(Source data)
*****

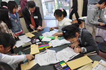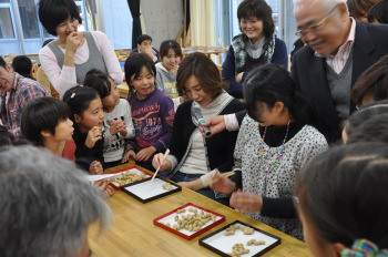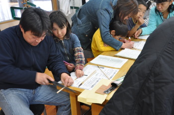 | 保護者のみなさんも挑戦しました。 | 子どもたちも盛大な応援をしてくれました。 お箸は仕上げを(株)兵左右衛門に仕上げをお願いし てあります。約4週間後に届く予定です。 楽しみに待っていてください。 http://www.hyozaemon.co.jp/index.html |
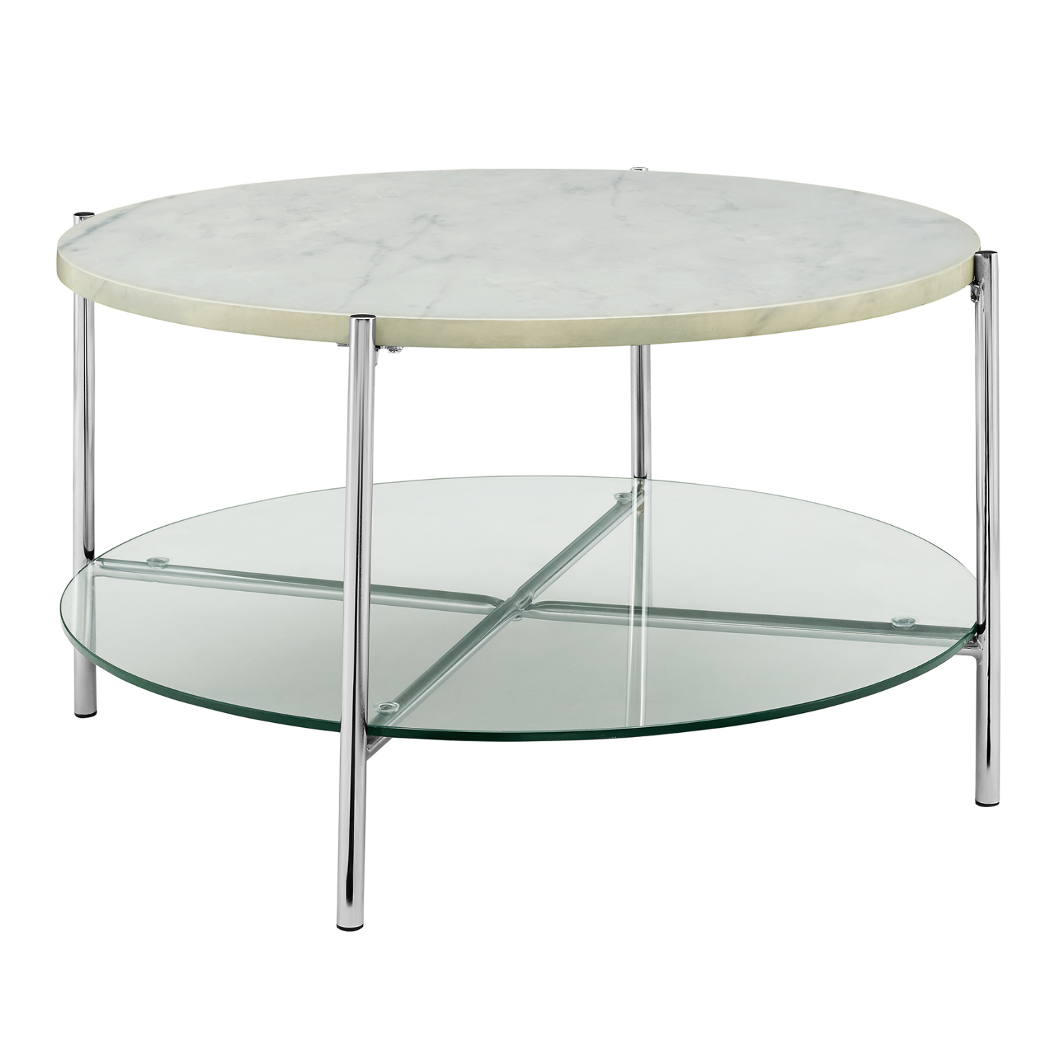 Round White Coffee Table In Faux Marble With Glass Shelf Foster
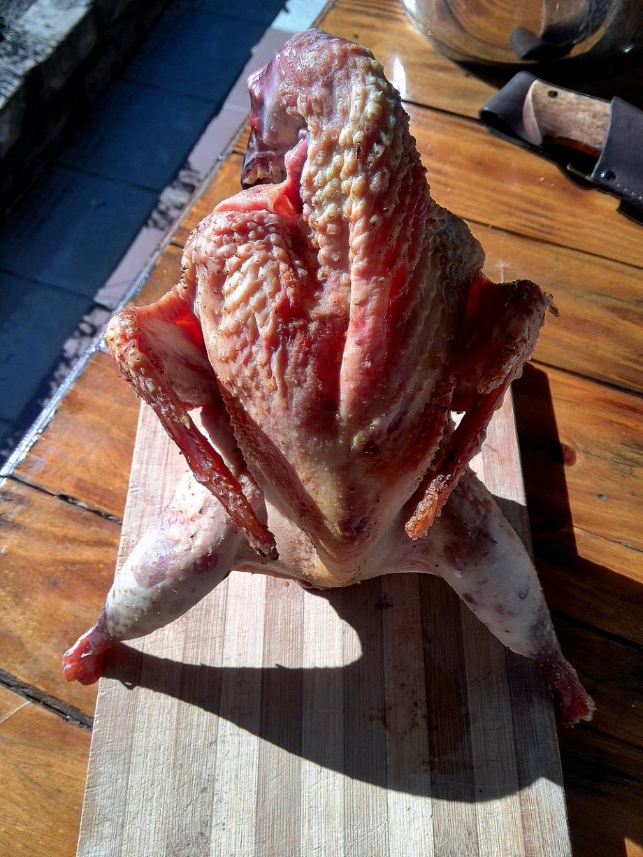 Специалистом в области ухи варения не являюсь, поэтому спорить о том насколько это правильный рецепт не буду. Готовил на костре, на берёзовых дровах. Раньше я думал, что "уха из петуха" это просто прикол такой, оказалось нет. Теперь всё по порядку. Для начала нужно отправится на рынок и купить этого самого петуха. Только так, именно петуха, а не курицу, говорят это важно. Петух с эко фермы мне похоже достался самый бойцовый, жилистый самурай страшный.Нажмите на изображение для увеличения.
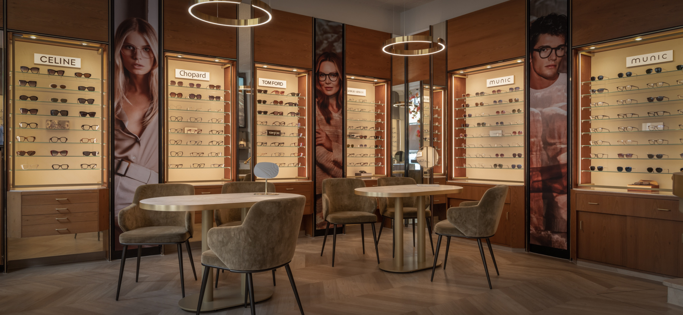 Rick Blankenstijn vertelt: “We ontmoetten Simone op de Opti Beurs in München, kort na coronatijd. Het gesprek was zeer aangenaam; een onderneemster met visie en smaak. Na een bezoek aan de optiekzaak hebben we de verbeterpunten in kaart gebracht. Het ontwerp was direct goedgekeurd, slechts enkele kleine aanpassingen. Door een mix van maatwerkmeubilair en high-end meubels van Forbettershops.com, gecombineerd met luxe, zachte wandbekleding, hebben we een fijne sfeer gecreëerd waarin Eyecare en Eyefashion centraal staan. De samenwerking was erg prettig en de restyling van de optiekzaak door WSB verliep razendsnel.”
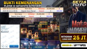 BUKTI KEMENANGAN 16 AGUSTUS 2025 DI GAME MAFIA MAYHEM WD 25 JUTA
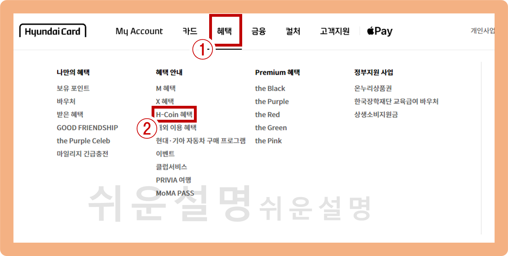 이 중에서 '혜택'메뉴 위에 마우스를 올리면 하위 메뉴들이 나타나요. 이 중 'H-Coin' 혜택' 버튼을 클릭해주세요.
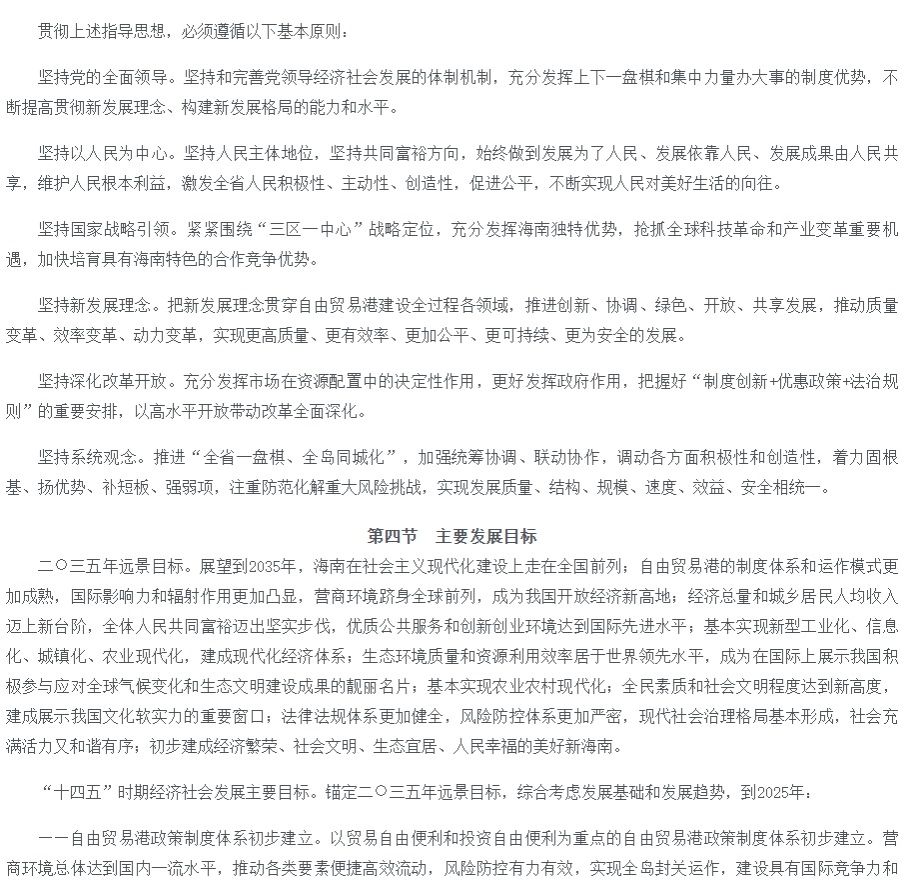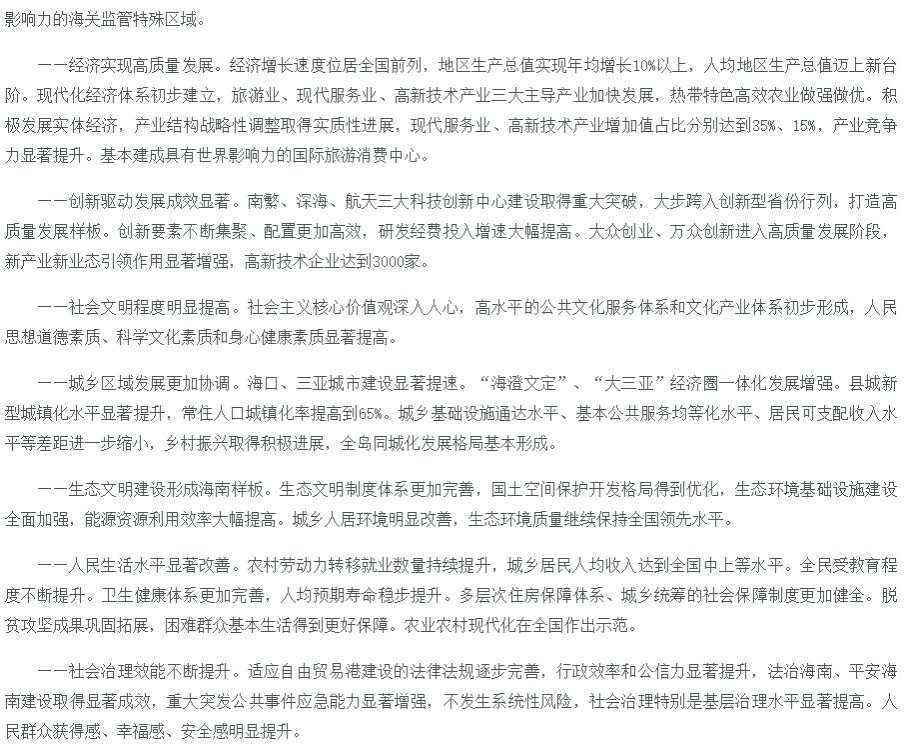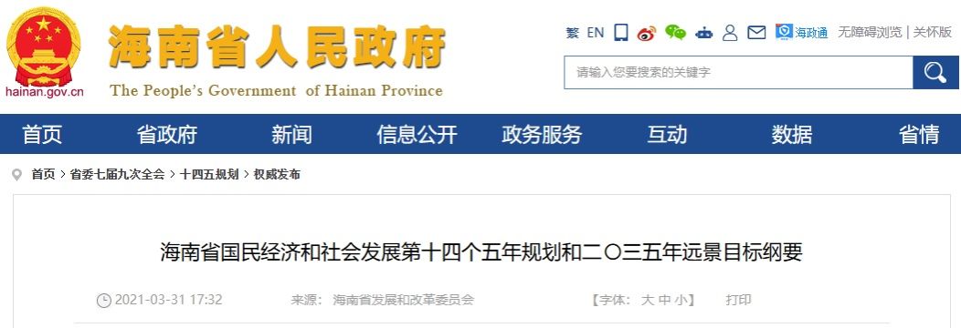海南省国民经济和社会发展第十四个五年规划和二〇三五年远景目标纲要

*****

## Exercise
Every line above between the one containing "Round White Coffee" and the one containing "Специалистом в области", those two included, is to be printed exactly. No pictures go into the copy.

## Task output
 Round White Coffee Table In Faux Marble With Glass Shelf Foster
 Специалистом в области ухи варения не являюсь, поэтому спорить о том насколько это правильный рецепт не буду. Готовил на костре, на берёзовых дровах. Раньше я думал, что "уха из петуха" это просто прикол такой, оказалось нет. Теперь всё по порядку. Для начала нужно отправится на рынок и купить этого самого петуха. Только так, именно петуха, а не курицу, говорят это важно. Петух с эко фермы мне похоже достался самый бойцовый, жилистый самурай страшный.Нажмите на изображение для увеличения.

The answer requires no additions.